- Origin: Novi Sad, Serbia
- Genres: Hard rock; pop rock;
- Years active: 1979–present;
- Labels: Diskoton, PGP-RTB, PGP-RTS, Komuna Belgrade
- Members: Bogoljub Banjac Dejan Starčević Zoran Marjanović Petar Banjac Danijel Banjac Igor Sakač
- Past members: Boško Plaćkov Predrag Čoka Slobodan Većkalov Tomislav Milei Petar Krsić Zoran Bojčevski Vojislav Vilić Zoran Gerić Zoran Petrić Zoran Aničić Slobodan Većkalov Julije Dondo Zoran Marjanović Miroslav Ljubenković

= Amajlija =

Serbian and Yugoslav rock band

Amajlija (Serbian Cyrillic: Амајлија; transl. Amulet) is a Serbian and Yugoslav rock band formed in Novi Sad in 1979. Led by vocalist and guitarist Bogoljub "Čombe" Banjac, Amajlija reached the peak of popularity in the late 1980s and early 1990s with their melodic hard rock sound.

==History==
The band was formed in 1979 by Bogoljub "Čombe" Banjac (vocals), Boško "Čvaja" Plaćkov (bass guitar), Predrag "Čole" Čoka (drums)— all three being former members of the band 'Oćeš-Nećeš (Want It or Not)— Slobodan "Veća" Većkalov (guitar) and Tomislav "Čvaja" Milei (rhythm guitar). Initially, the band performed cover versions of songs by The Rolling Stones, Riblja Čorba and Azra, and slowly prepared their own material. The band had rehearsals at the Zlatibor construction firm barracs, where, in late 1979, they had their debut live appearance. The band earned their first fee playing at a party organized by the Novi Sad Union of the Deaf People.

During 1980 the band rehearsed intensely and performed occasionally, mostly at elementary school dances. In the same year, the band was joined by contortionist Petar "Pera Gumeni" Krsić, whose primary role in the band was of a showman. In 1981, on the invitation by Radio Novi Sad producer Jovan Adamov, the band recorded four demo songs. The following year, the band performed at the Subotica Youth Festival. The band had another lineup change, the new members becoming Zoran Bojčevski (bass guitar) and Vojislav "Voja Ušar" Vilić (solo guitar), and then went on a hiatus, as a part of the members had to serve their mandatory stint in the Yugoslav People's Army.
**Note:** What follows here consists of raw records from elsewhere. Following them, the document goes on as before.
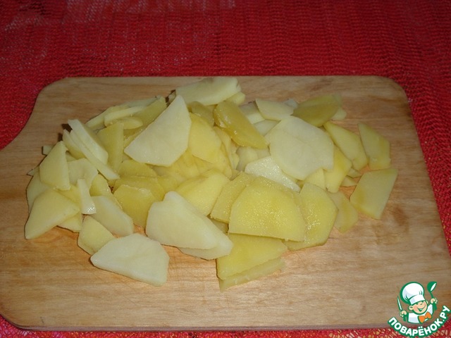 Картофель заранее отвариваем в подсоленной воде. Остужаем. -
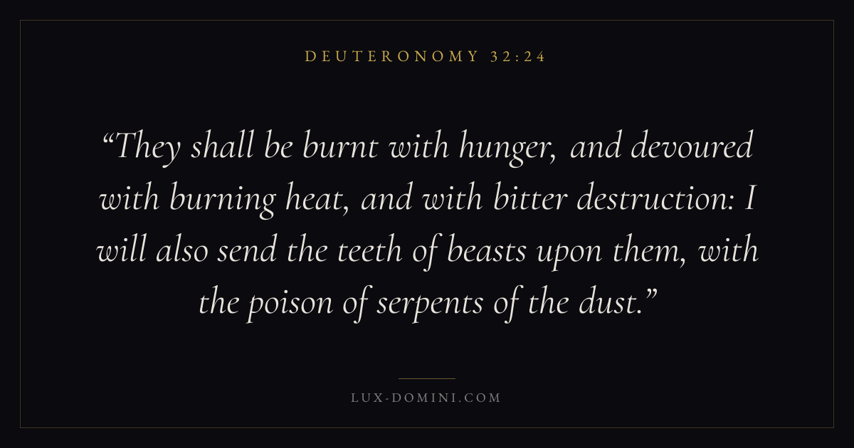 They shall be burnt with hunger, and devoured with burning heat, and with bitter destruction: I will also send the teeth of beasts upon them, with the poison of serpents of the dust.
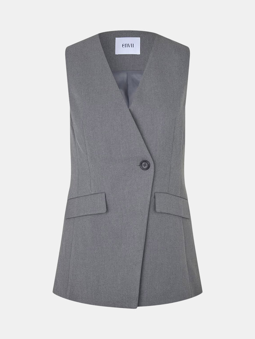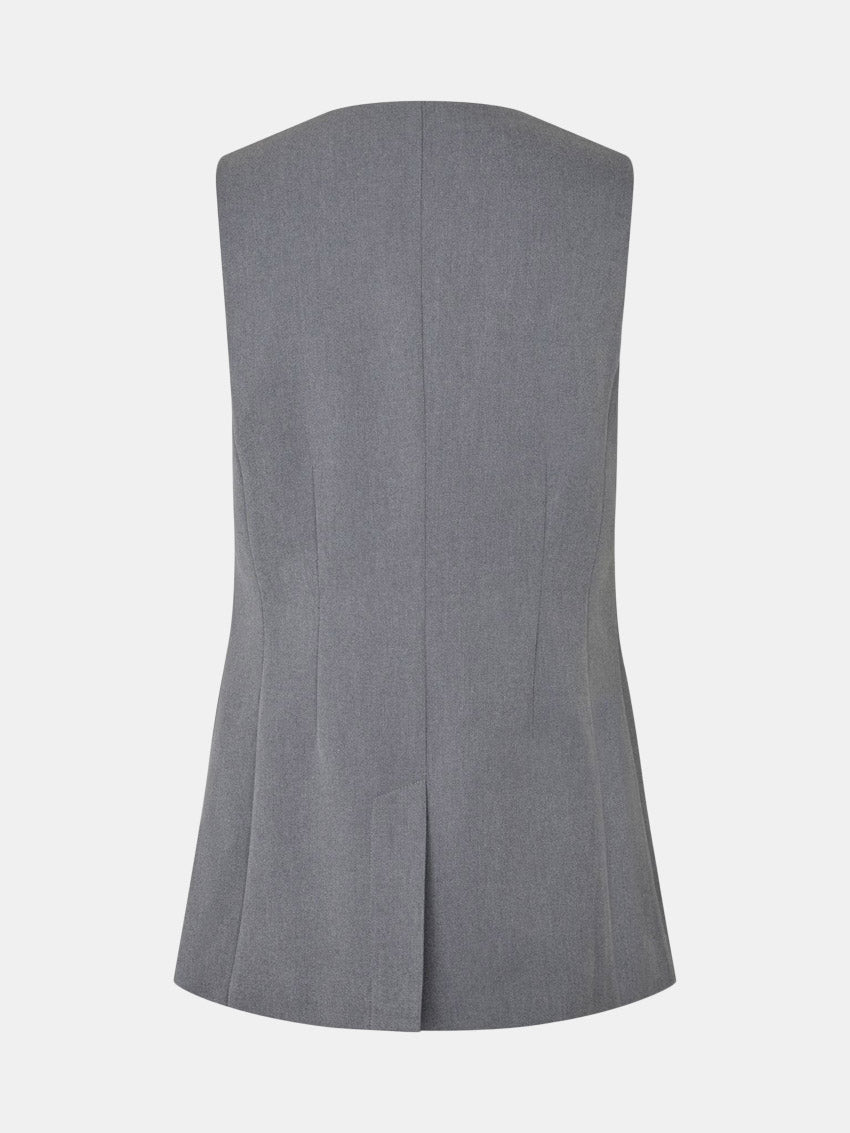 Skræddersyet vest med normal pasform og et suiting-inspireret udtryk. Designet har enkel knaplukning med asymmetrisk slå-om, V-udskæring samt slids forneden bagpå. To klaplommer foran og fuldt foer giver et gennemført og elegant finish.
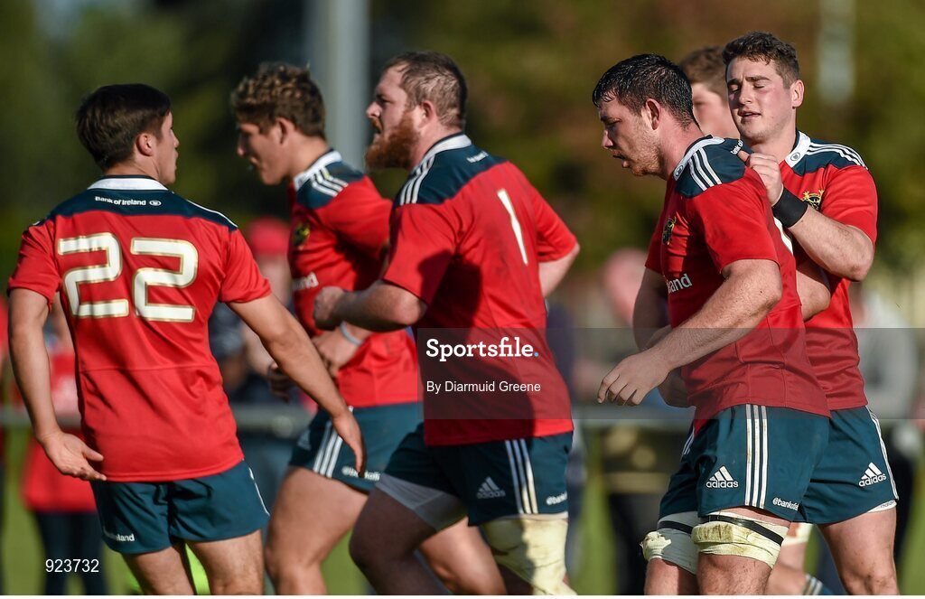 11 October 2014; Paddy Butler, Munster A, is congratulated by team-mates, Ronan O'Mahony, right, and Greg O'Shea, left, after scoring his side's second try. British & Irish Cup, Round 1, Munster A v Moseley. Clonmel RFC, Clonmel, Co. Tipperary. Picture credit: Diarmuid Greene / SPORTSFILE
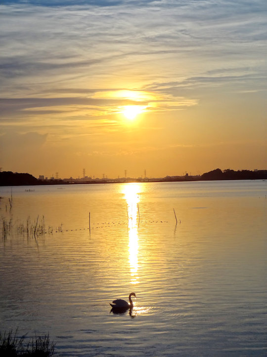 さて、連休中のポタ納めは、昨日でした。素晴らしい天気でしたので、茨城方面をロードレーサーで走ってきました。この写真は手賀沼に戻ってきたときに撮ったものですが、コブハクチョウがうまく夕日の光柱の先にやって来てくれました。
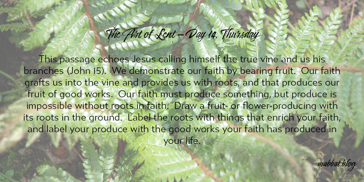 This passage echoes Jesus calling himself the true vine and us his branches (John 15). We demonstrate our faith by bearing fruit. Our faith grafts us into the vine and provides us with roots, and that produces our fruit of good works. Our faith must produce something, but produce is impossible without roots in faith. Draw a fruit- or flower-producing with its roots in the ground. Label the roots with things that enrich your faith, and label your produce with the good works your faith has produced in your life.
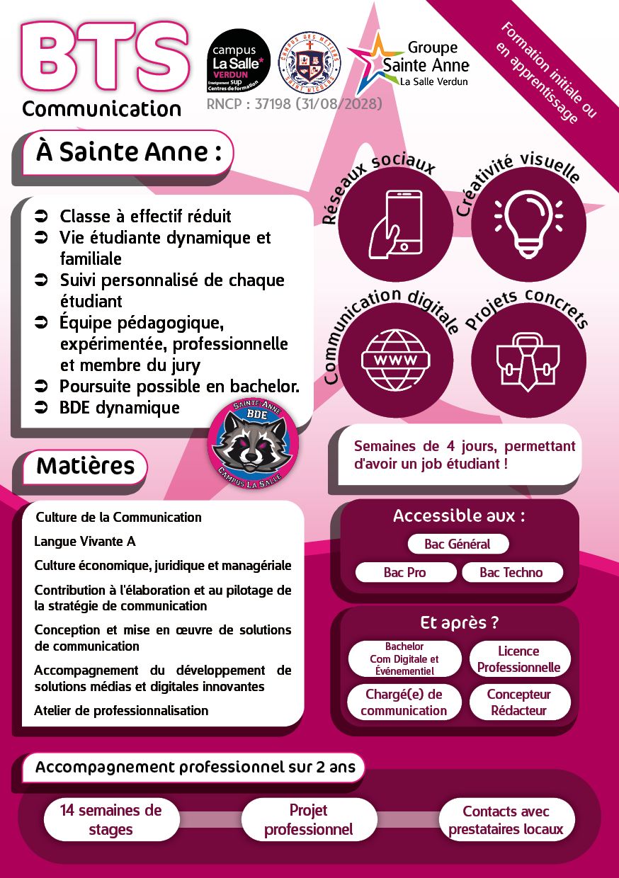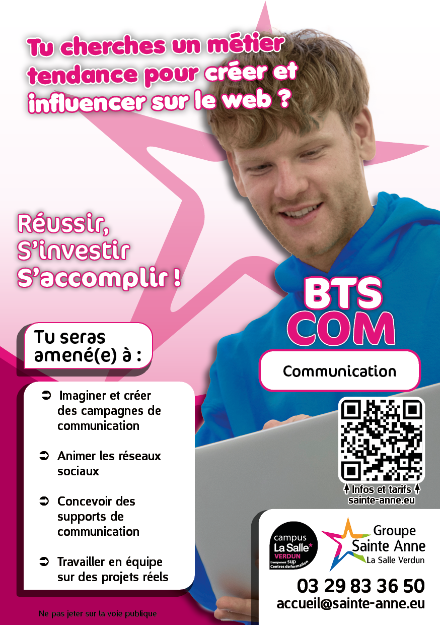 Ce BTS généraliste et polyvalent est idéal pour les personnes créatives tout autant que pour celles qui s’intéressent à la stratégie. Entre réflexion, conception graphique et analyse, les étudiant·e·s développent une aisance écrite et orale nécessaire dans le domaine. La curiosité est la qualité principale pour qui voudrait s’y lancer et ni le travail de groupe ni en autonomie ne doivent le rebuter. L’adaptabilité et la réactivité seront des atouts importants pour tout·e communicant·e !
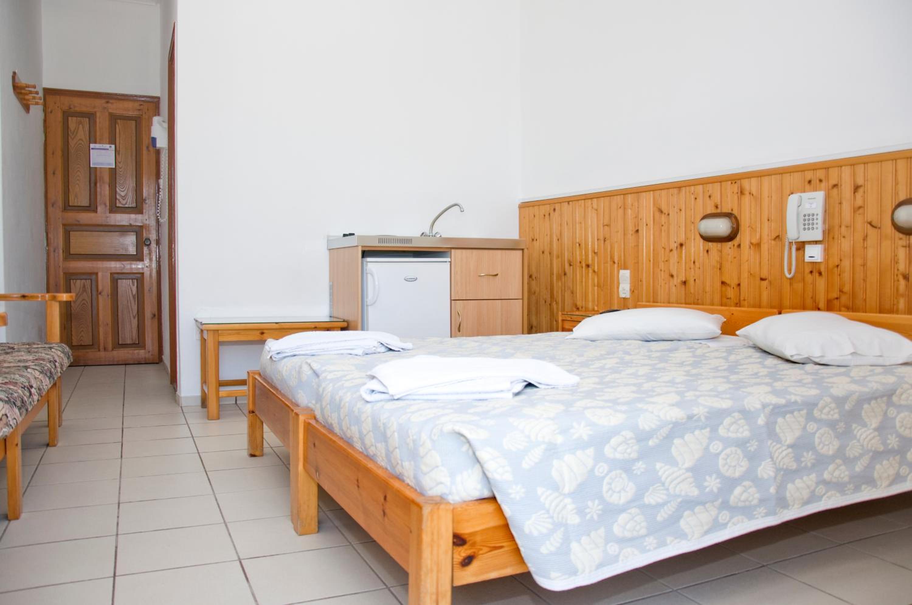 Fint værelse med lille køleskab og en rigtig god madras i sengen.
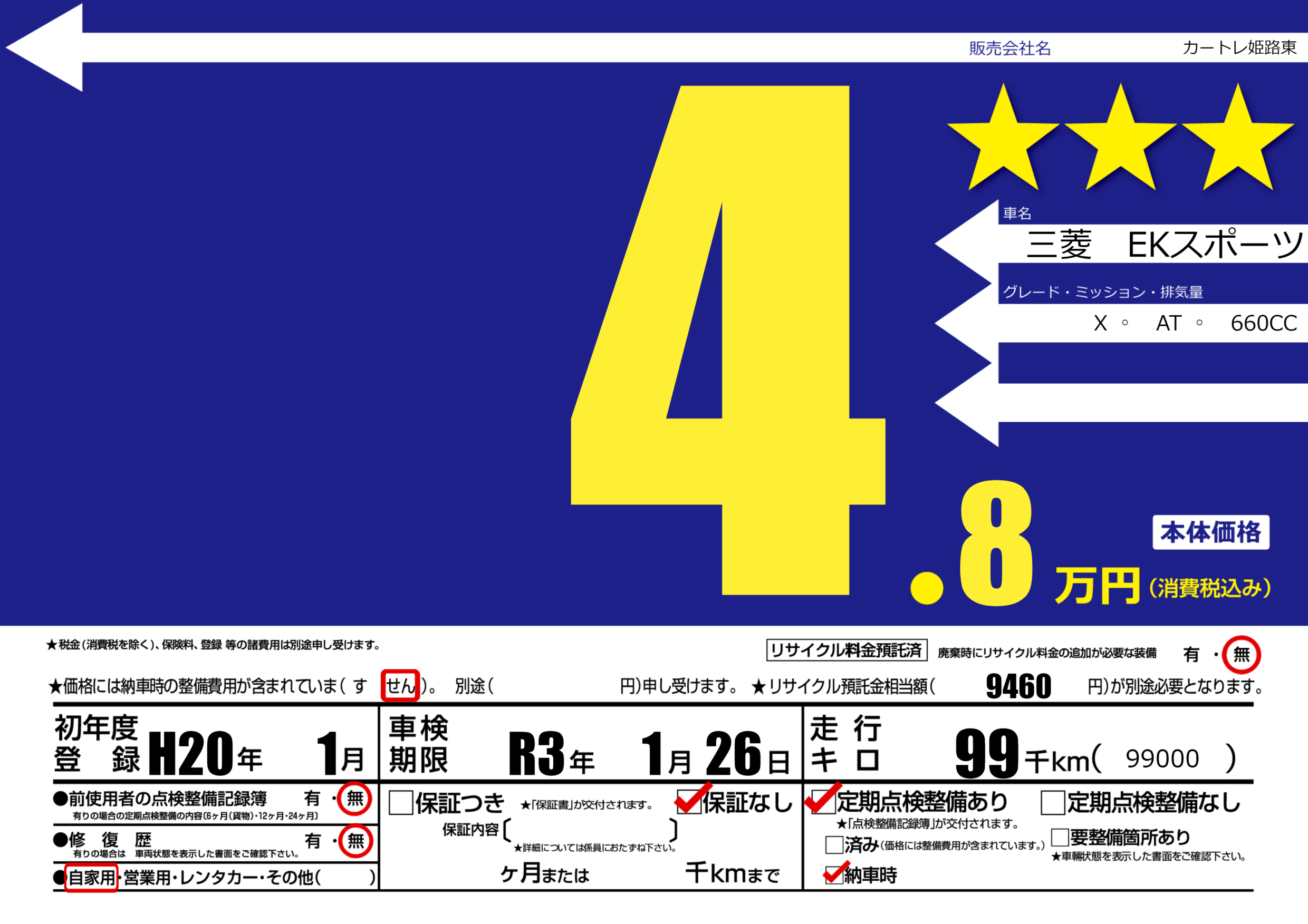 なし | 車検制限 | R3年1月26月 |

The band continued their activity in 1985, in the lineup featuring Banjac, Većkalov, Čoka and Vilić, this time with Banjac on vocals and rhythm guitar and Većkalov switching to bass guitar. At a studio in Bukovac the band recorded material consisting of ten songs, intending to release them, which did not happen due to the low quality of the recordings. In the same year, the band performed as an opening act on the Bajaga i Instruktori Yugoslav tour. Due to the positive reaction by the audience and Bajaga i Instruktori themselves, the band also performed on the Bajaga i Instruktori 1986 tour, during which, due to a quarrel, the band disbanded.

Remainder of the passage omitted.